*EXERCISE DETAILS*. Look in the data below for the line that has "Arps Tractor Half-Track", then print exactly every line from there through the line that has "Bright Modern Pink", leaving pictures out.

[DATA PROVIDED]

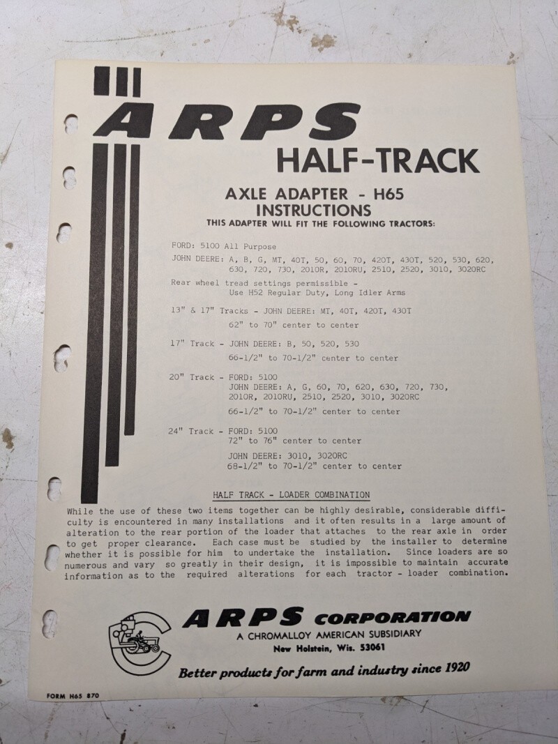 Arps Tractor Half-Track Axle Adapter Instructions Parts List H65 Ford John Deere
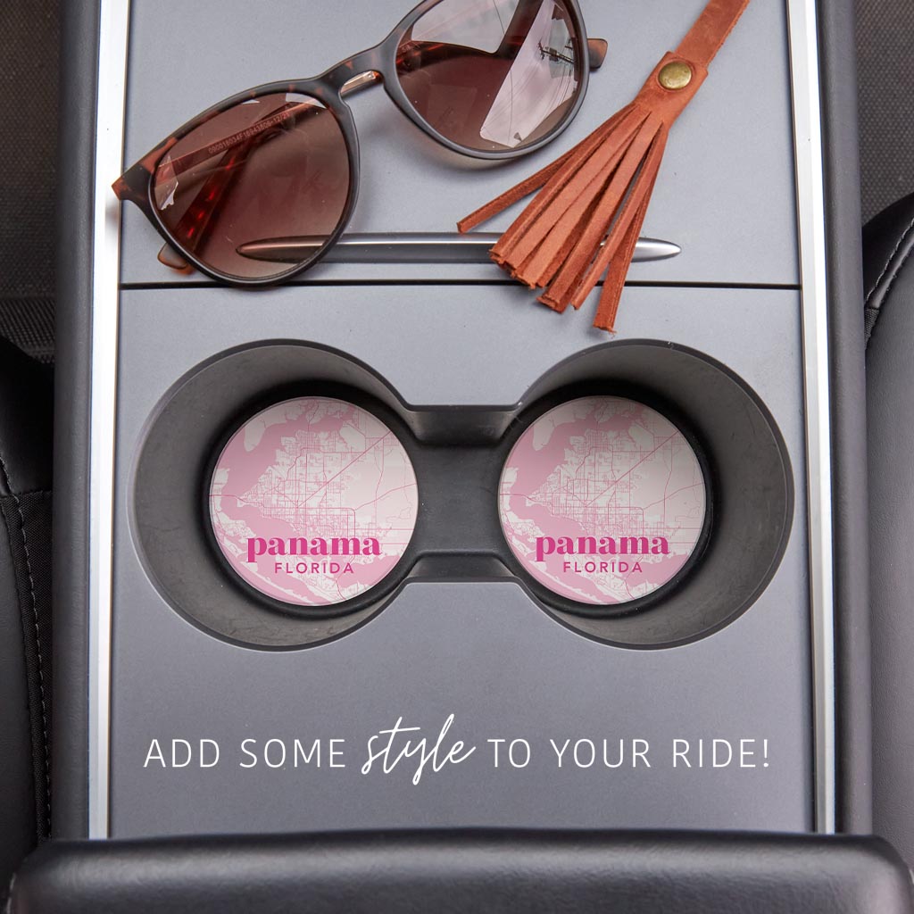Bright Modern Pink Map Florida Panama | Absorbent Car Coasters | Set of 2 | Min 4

[/DATA PROVIDED]
[DATA PROVIDED]

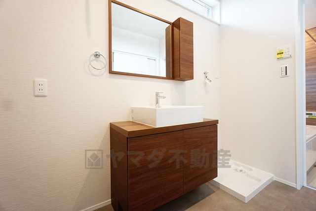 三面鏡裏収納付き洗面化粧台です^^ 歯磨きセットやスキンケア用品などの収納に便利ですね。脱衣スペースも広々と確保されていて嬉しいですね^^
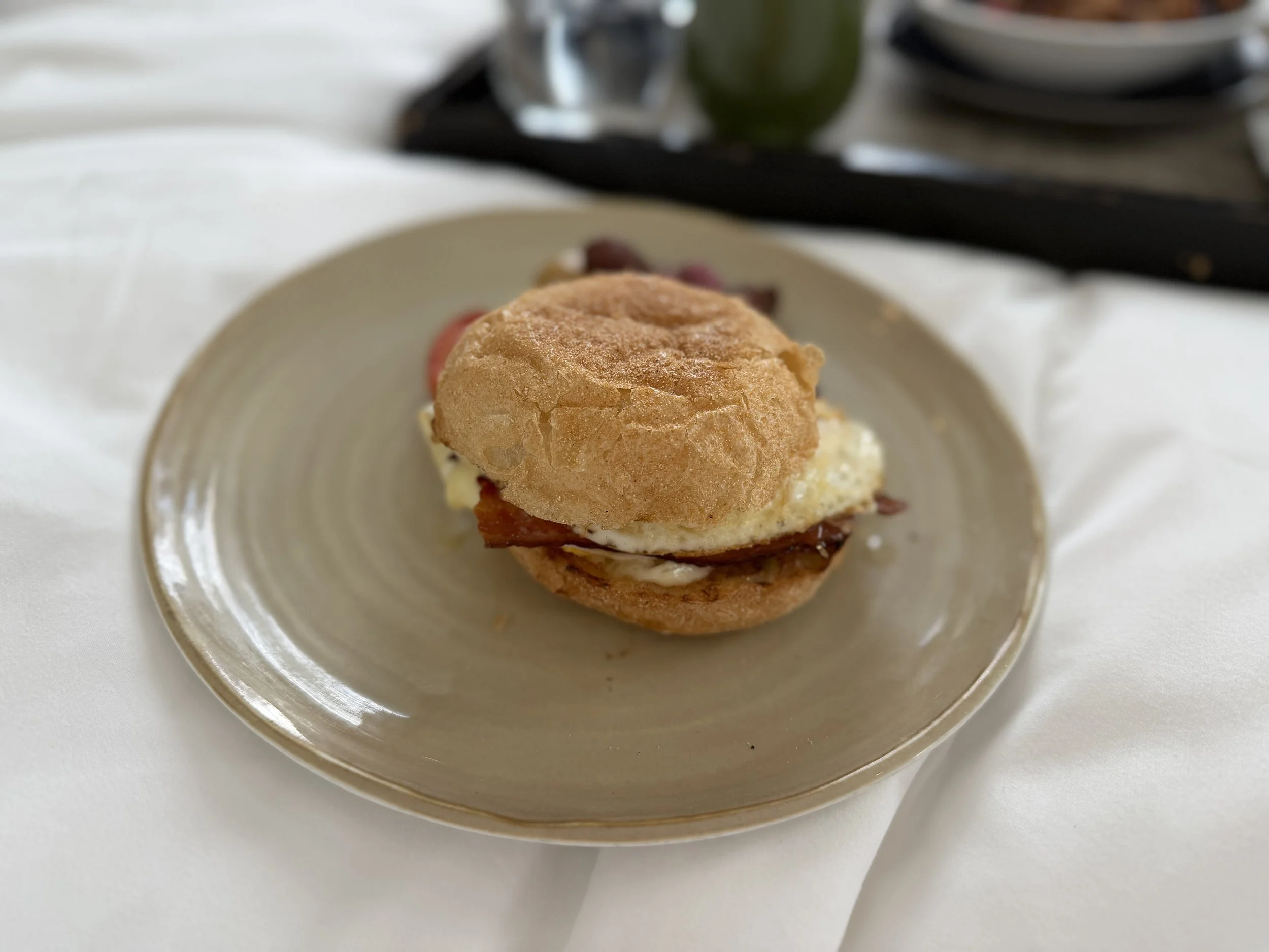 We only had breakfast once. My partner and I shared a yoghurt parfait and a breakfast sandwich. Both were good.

[/DATA PROVIDED]
[DATA PROVIDED]

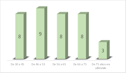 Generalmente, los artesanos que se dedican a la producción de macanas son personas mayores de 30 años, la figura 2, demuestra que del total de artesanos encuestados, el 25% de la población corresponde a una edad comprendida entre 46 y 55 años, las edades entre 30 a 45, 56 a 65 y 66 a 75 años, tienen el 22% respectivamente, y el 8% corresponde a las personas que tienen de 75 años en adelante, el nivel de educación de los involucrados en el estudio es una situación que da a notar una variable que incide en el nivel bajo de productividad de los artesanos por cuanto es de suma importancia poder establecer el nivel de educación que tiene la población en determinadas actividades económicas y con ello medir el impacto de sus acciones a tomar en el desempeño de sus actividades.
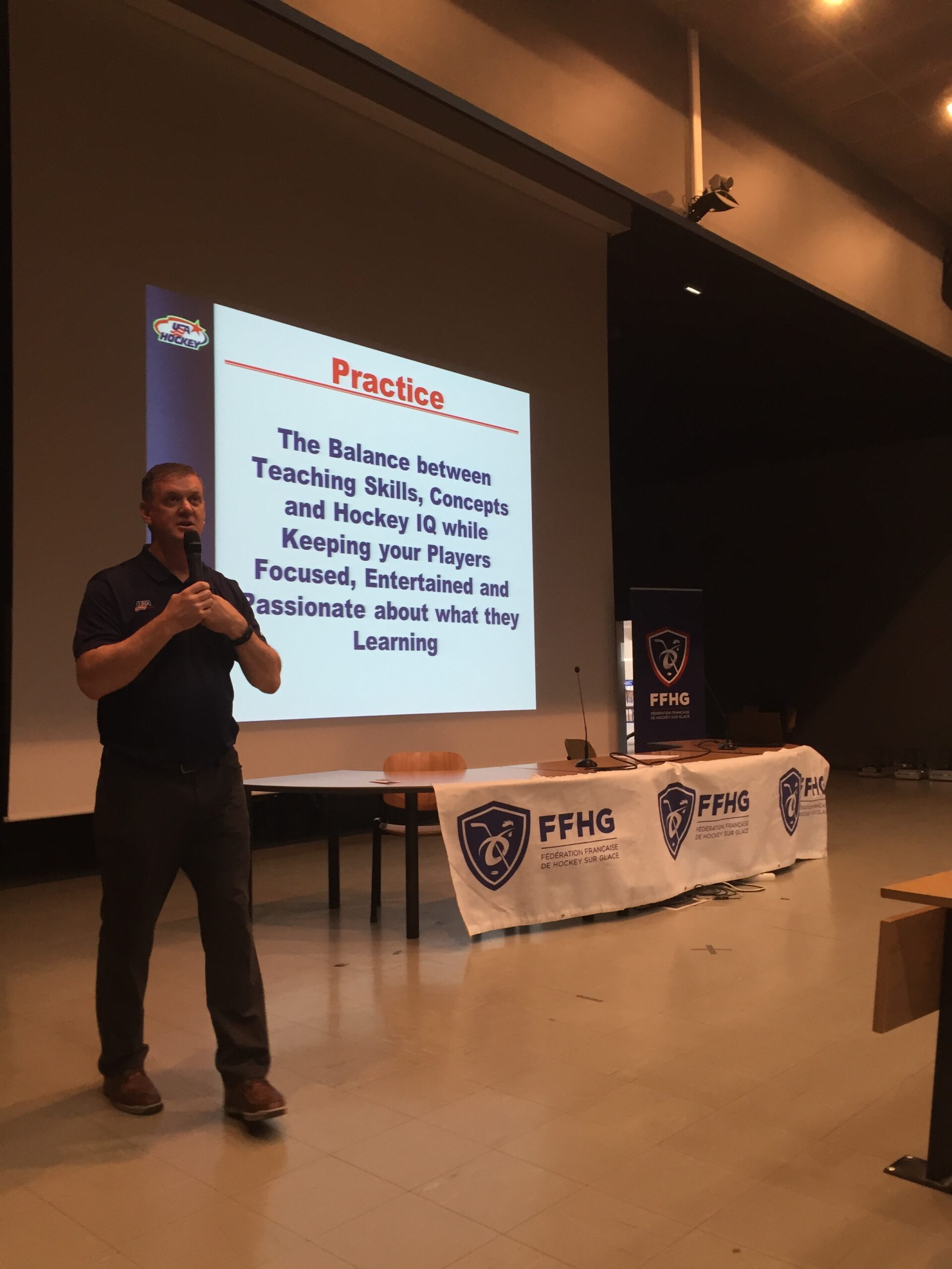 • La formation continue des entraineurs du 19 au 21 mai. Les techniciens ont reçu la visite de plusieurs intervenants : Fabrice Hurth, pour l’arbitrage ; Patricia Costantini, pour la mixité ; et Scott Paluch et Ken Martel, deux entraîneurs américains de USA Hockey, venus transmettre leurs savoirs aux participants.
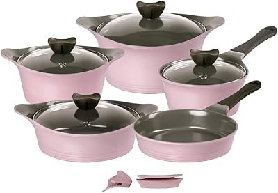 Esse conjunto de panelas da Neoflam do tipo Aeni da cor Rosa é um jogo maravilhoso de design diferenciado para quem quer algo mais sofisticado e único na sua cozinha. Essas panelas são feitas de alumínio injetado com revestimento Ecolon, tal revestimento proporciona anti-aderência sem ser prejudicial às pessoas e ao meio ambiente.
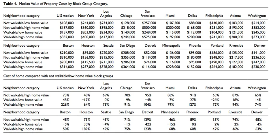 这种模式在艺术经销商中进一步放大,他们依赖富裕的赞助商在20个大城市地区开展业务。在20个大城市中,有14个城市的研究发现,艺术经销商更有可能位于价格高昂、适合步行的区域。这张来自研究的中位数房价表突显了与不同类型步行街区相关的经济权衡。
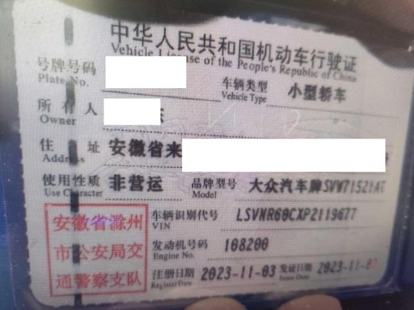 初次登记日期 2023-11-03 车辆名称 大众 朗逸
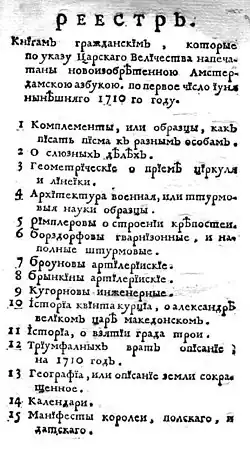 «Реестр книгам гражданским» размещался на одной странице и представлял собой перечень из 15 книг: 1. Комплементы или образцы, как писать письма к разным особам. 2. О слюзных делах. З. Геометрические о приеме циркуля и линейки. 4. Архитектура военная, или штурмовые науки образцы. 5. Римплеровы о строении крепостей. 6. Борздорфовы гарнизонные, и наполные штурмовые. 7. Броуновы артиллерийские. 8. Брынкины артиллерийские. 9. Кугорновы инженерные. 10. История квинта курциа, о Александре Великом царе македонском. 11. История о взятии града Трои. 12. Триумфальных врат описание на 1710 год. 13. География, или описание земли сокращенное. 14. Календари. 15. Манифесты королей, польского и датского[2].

[/DATA PROVIDED]

*RESULT OF THE TASK*.
 Arps Tractor Half-Track Axle Adapter Instructions Parts List H65 Ford John Deere
Bright Modern Pink Map Florida Panama | Absorbent Car Coasters | Set of 2 | Min 4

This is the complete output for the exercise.